January futures would expire on Thursday, the 28th of January. The December series, which had expired at 13,981.75 points, is currently up 390.15 points or 2.79%. This is the lowest series gain in the last few months and looking at the volatility being currently witnessed; a lot of drama is expected in the next three days to expire. Expect bulls to put all they have at their disposal to pull the series up while bears try to salvage the month after being hammered over the last few months. It may be of interest to investors, that FPI’s were sellers of about Rs 625 crore on Friday. Whether this is an isolated event or would become a trend, only time would tell.

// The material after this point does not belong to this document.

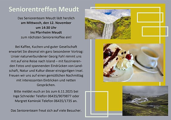 Das Seniorenteam Meudt lädt am Mittwoch, 12.11.2025 um 14:30 Uhr zu einem gemütlichen Seniorennachmittag ins Pfarrheim ein.

Reliance industries announced a great set of numbers and improved performance in all their verticals. The company reported a consolidated EPS of Rs 20.5 for the quarter before exceptional items. This was up 38% compared to the previous year. During the week, shares of Reliance Industries gained Rs 112 or 5.78% to close at Rs 2,050. With this strong performance, there is every possibility that the share could lead from the front and help bulls gain traction in the market.
Reserve Bank of India has announced a discussion paper on NBFC’s. The crux of the discussion hovers around reducing the arbitrage between NBFC’s and Banks. An important event is the funding of HNI’s by NBFC’s which is proposed to be capped at Rs 1 crore per individual. This would have a serious impact on the subscription levels of HNI’s in issues once the discussion paper becomes law.
On the Covid-19 front, the world saw 9,93,29,286 patients, 21,30,422 deaths and 7,13,71,105 patients recovering. In India, we saw 1,06,55,435 patients, 1,53,376 deaths and 1,03,16,786 patients recovering. Compared to the previous week, the world saw 43,61,205 new patients, 99,140 deaths and 35,84,346 patients recovering. In India, we saw 96,275 new patients, 1,065 deaths and 1,19,901 patients recovering. Covid-19 vaccination is picking up in the country and various misconceptions about the same are being put to rest. One hopes that the world comes out of this pandemic and is able to control the same.
The week ahead has a trading holiday on Tuesday on account of the Republic Day. January futures expire on Thursday which means that after the holiday there would be just two trading days. Markets would be super volatile and rumours about expected changes in the Budget would be flying thick and thin by then. At this point, there is hardly any clarity on the budget expectations. In such a scenario it makes sense to continue booking profits and use rallies to sell into. It may be advisable to not buy into sharp dips and wait for a budget announcement before taking fresh positions.